A comparative analysis of protein targets of withdrawn cardiovascular drugs in human and mouse.

Abstract

Background: Mouse is widely used in animal testing of cardiovascular disease. However, a large number of cardiovascular drugs that have been experimentally proved to work well on mouse were withdrawn because they caused adverse side effects in human.

Methods: In this study, we investigate whether binding patterns of withdrawn cardiovascular drugs are conserved between mouse and human through computational dockings and molecular dynamic simulations. In addition, we also measured the level of conservation of gene expression patterns of the drug targets and their interacting partners by analyzing the microarray data.

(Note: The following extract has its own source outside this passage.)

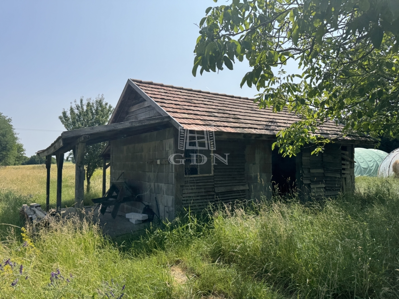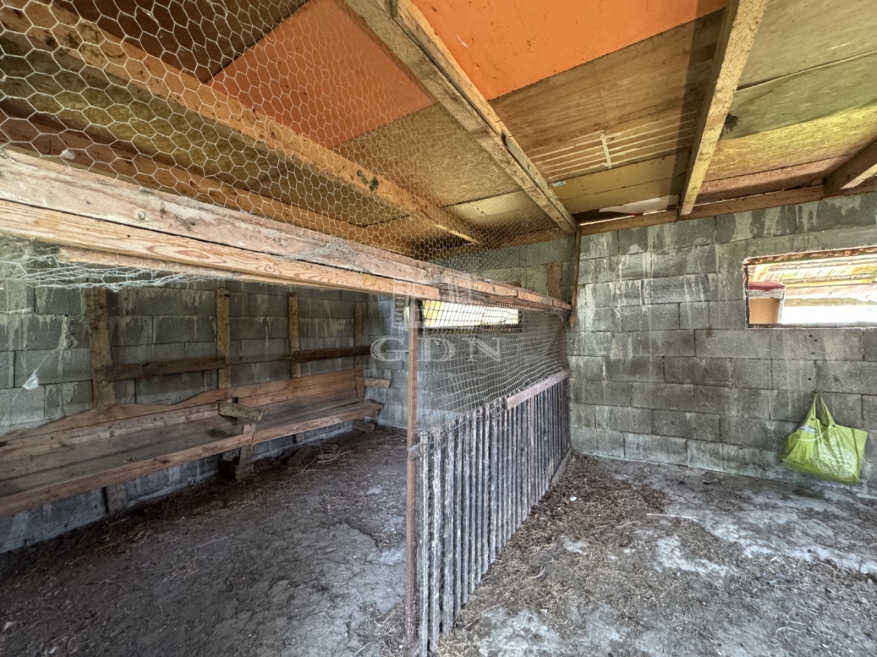 Az utca felőli részen egy vegyesfalazatú, felújítást és korszerűsítést igénylő, hozzávetőlegesen 40m2-es ház található, melyben egy konyha, szoba és fürdőszoba került kialakításra.

Results: The results show that target proteins of withdrawn cardiovascular drugs are functionally conserved between human and mouse. However, all the binding patterns of withdrawn drugs we retrieved show striking difference due to sequence divergence in drug-binding pocket, mainly through loss or gain of hydrogen bond donors and distinct drug-binding pockets. The binding affinities of withdrawn drugs to their receptors tend to be reduced from mouse to human. In contrast, the FDA-approved and best-selling drugs are little affected.

Conclusions: Our analysis suggests that sequence divergence in drug-binding pocket may be a reasonable explanation for the discrepancy of drug effects between animal models and human.